1. A QKD communication method that connects a first node A and a second node B via at least one intermediate node T, The aforementioned QKD communication method is: The first node A has a step of generating a key K, wherein the key K is symmetrically encrypted using key K', and as a result, an encrypted key m is created. At the first node A, the message m is key K 1 The encrypted message and K are encrypted using OTP encryption. 1 The steps include transmitting to the intermediate node T, At the intermediate node T, the message transmitted from the first node A is K 1 OTP decryption is performed using to obtain m, and then the message m is sent to key K 2 The encrypted message and the key K are encrypted using OTP encryption. 2 The steps include sending the above to the second node B, At the second node B, the message sent from T is K 2 The steps include: obtaining m by OTP decryption using and recovering the key K by symmetrically decrypting m using the key K'; K', The first node A generates a key K' and a message m' to be sent to the second node B using the public key of the second node B, The steps include: transmitting the message m' to the at least one intermediate node T via a classical communication channel, and the at least one intermediate node T forwarding the message m' to the second node B; The second node obtains the key K' using the secret key and the message m', Characterized by being obtained by, QKD communication method.

2. The first four steps are characterized in that they are performed simultaneously with the K' acquisition step.

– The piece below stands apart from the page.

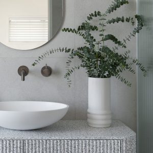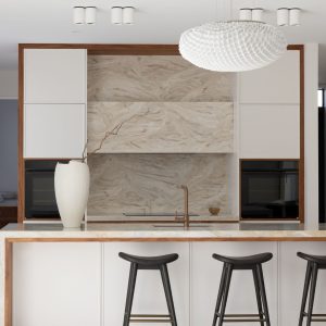 Unlike natural stone or laminate alternatives, Corian® can be cut, shaped and thermoformed into almost any design. This allows for flowing, joint-free installations where benchtops, splashbacks, sinks and wall linings integrate effortlessly into one continuous surface. The result is a refined, contemporary finish that feels architectural and intentional.

The QKD communication method according to claim 1.

3. The messages m and m' are transmitted through a classical channel, characterized in that The QKD communication method according to any one of claims 1 to 2.

4. key K 1 and K 2 However, it is characterized by being transmitted through a quantum channel. A QKD communication method according to any one of claims 1 to 3.

5. The first node A generates the key K' and the message m' by performing the server-side key agreement procedure using the public key of B. A QKD communication method according to any one of claims 1 to 4.

6. The second node obtains key K' by performing the client side of the key agreement procedure using the second node's private key, A QKD communication method according to any one of claims 1 to 5.

7. A first node, a second node, and an intermediate node, adapted to perform the QKD communication method according to any one of claims 1 to 6, QKD communication system.

8. The first node is a transmitter comprising a QRNG device and a QKD transmitter, and the second node is a receiver comprising a QKD receiver, characterized in that The QKD communication system according to claim 7.